I have used the following code to validate my message (Java can sometimes require quite some code for relatively simple functionality).

 package ms.mstest.model;  
 import java.io.File;  
 import java.io.PrintWriter;  
 import java.io.StringWriter;  
 import java.util.LinkedList;  
 import java.util.List;  
 import javax.xml.XMLConstants;  
 import javax.xml.bind.JAXBContext;  
 import javax.xml.bind.Marshaller;  
 import javax.xml.bind.util.JAXBSource;  
 import javax.xml.validation.Schema;  
 import javax.xml.validation.SchemaFactory;  
 import javax.xml.validation.Validator;  
 import org.xml.sax.ErrorHandler;  
 import org.xml.sax.SAXException;  
 import org.xml.sax.SAXParseException;  
 public class TestPerson {  
   public static void main(String[] args) {  
     JAXBContext jaxbContext;  
     ObjectFactory myObjFact = new ObjectFactory();  
     Person myPerson = myObjFact.createPerson();  
     try {  
       jaxbContext = JAXBContext.newInstance(Person.class);  
       JAXBSource source = new JAXBSource(jaxbContext, myPerson);  
       Schema mySchema = SchemaFactory.newInstance(XMLConstants.W3C_XML_SCHEMA_NS_URI).newSchema(new File("helloworld.xsd"));  
       Validator validator = mySchema.newValidator();  
       final List<SAXParseException> exceptions = new LinkedList<SAXParseException>();  
       validator.setErrorHandler(new ErrorHandler() {  
           @Override  
           public void warning(SAXParseException exception) throws SAXException {  
             exceptions.add(exception);  
           }  
           @Override  
           public void fatalError(SAXParseException exception) throws SAXException {  
             exceptions.add(exception);  
           }  
           @Override  
           public void error(SAXParseException exception) throws SAXException {  
             exceptions.add(exception);  
           }  
         });  
       validator.validate(source);  
       for (SAXParseException myEx : exceptions) {  
         System.out.println(myEx);  
       }  
       Marshaller jaxbMarshaller;  
       jaxbMarshaller = jaxbContext.createMarshaller();  
       jaxbMarshaller.setProperty(Marshaller.JAXB_FORMATTED_OUTPUT, true);  
       jaxbMarshaller.marshal(myPerson, System.out);  
     } catch (Exception e) {  
       System.out.println(getStackTrace(e));  
     }  
   }  
   static String getStackTrace(Throwable t) {  
     StringWriter sw = new StringWriter();  
     PrintWriter pw = new PrintWriter(sw, true);  
     t.printStackTrace(pw);  
     pw.flush();  
     sw.flush();  
     return sw.toString();  
   }  
 }  

I've overridden the ErrorHandler class since I wanted to see as much exceptions as possible (see http://stackoverflow.com/questions/11131662/how-to-validate-xml-against-xsd-and-get-all-errors).
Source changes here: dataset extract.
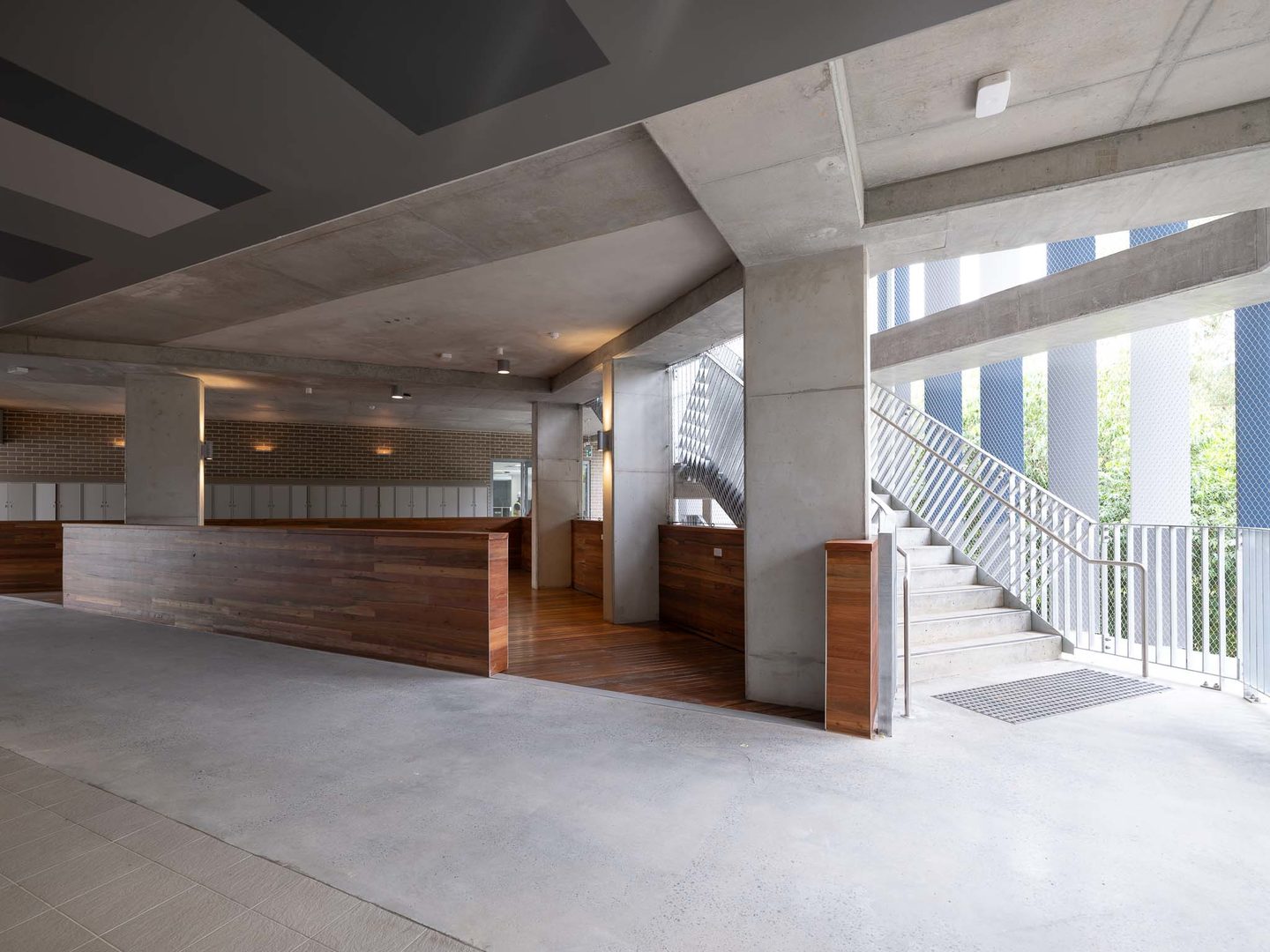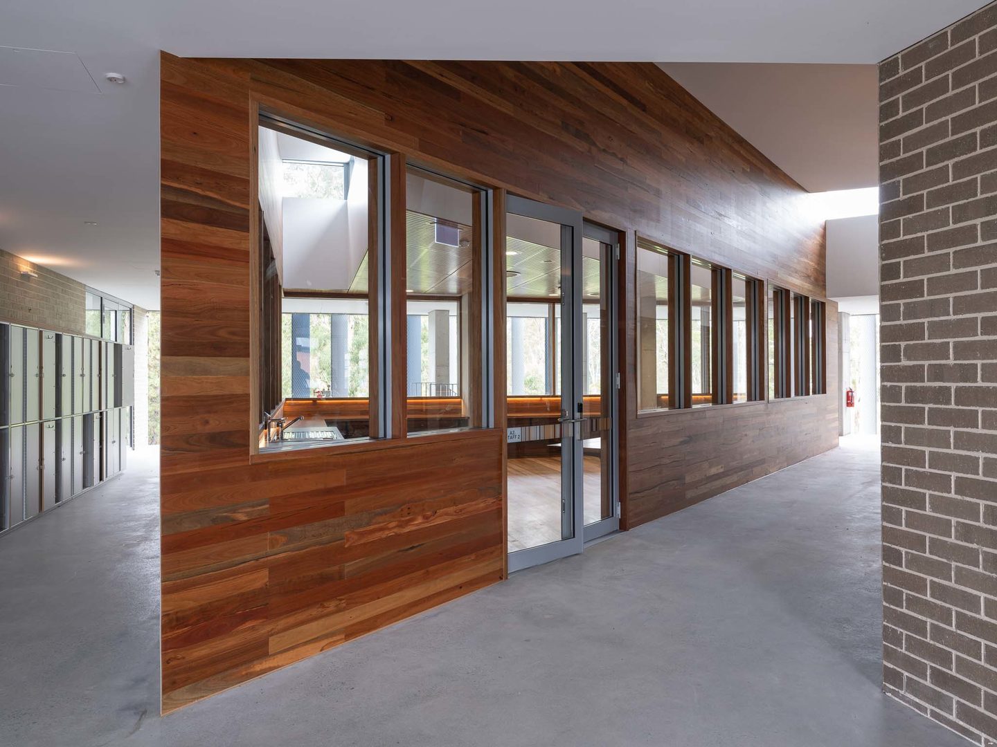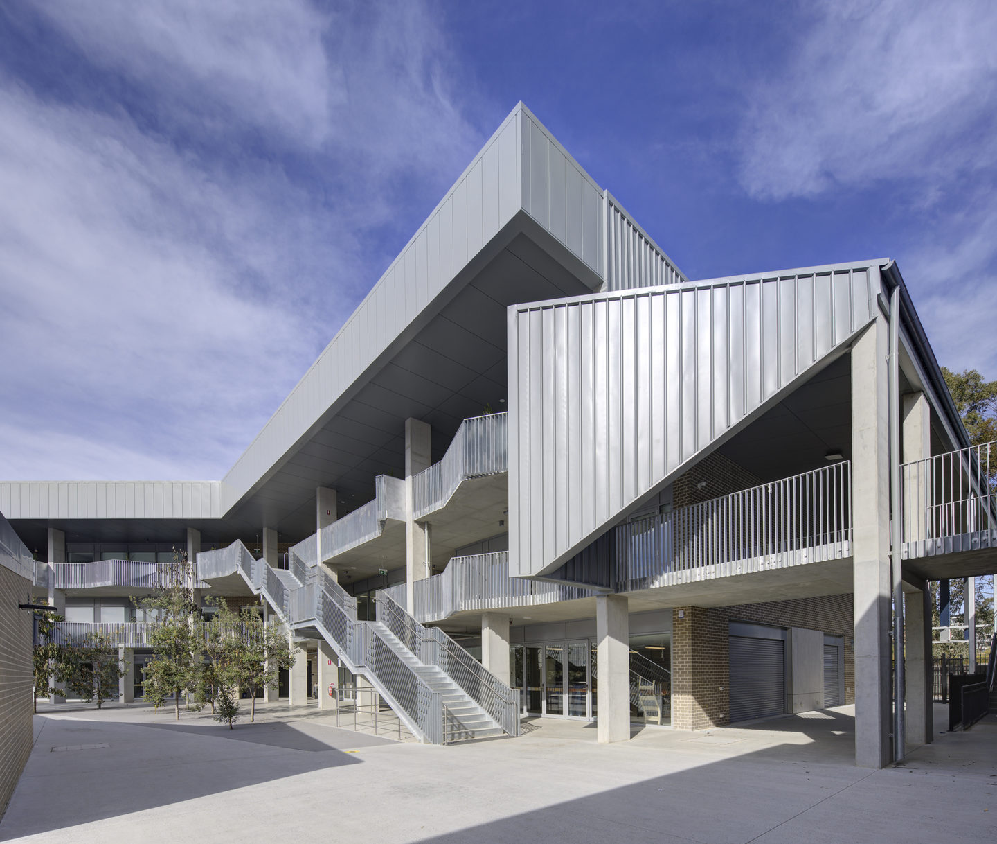 An adjoining single-storey pavilion houses a canteen, hospitality training facility, uniform shop, and a covered outdoor learning area (COLA). New landscaping and improvements to the south-eastern carpark support better access and usability across the campus.

Also since I wanted to see the complete stacktrace when something goes wrong, I copied a getStackTrace method (http://stackoverflow.com/questions/1069066/get-current-stack-trace-in-java).

The output was as follows;

 org.xml.sax.SAXParseException: cvc-complex-type.2.4.b: The content of element 'Person' is not complete. One of '{"http://www.mstest.ms":FirstName}' is expected.  
 <?xml version="1.0" encoding="UTF-8"?>  
 <Person xmlns="http://www.mstest.ms"/>  

In order to find errors during development, I often use (as a quick free solution) Notepad++ with the XML Tools plugin;



The minOccurs field is 1 by default for elements so the FirstName and LastName element should both be present in the output XML.

Solutions

The specific problem illustrated above with the missing elements can be solved in the Java code and by altering the XSD.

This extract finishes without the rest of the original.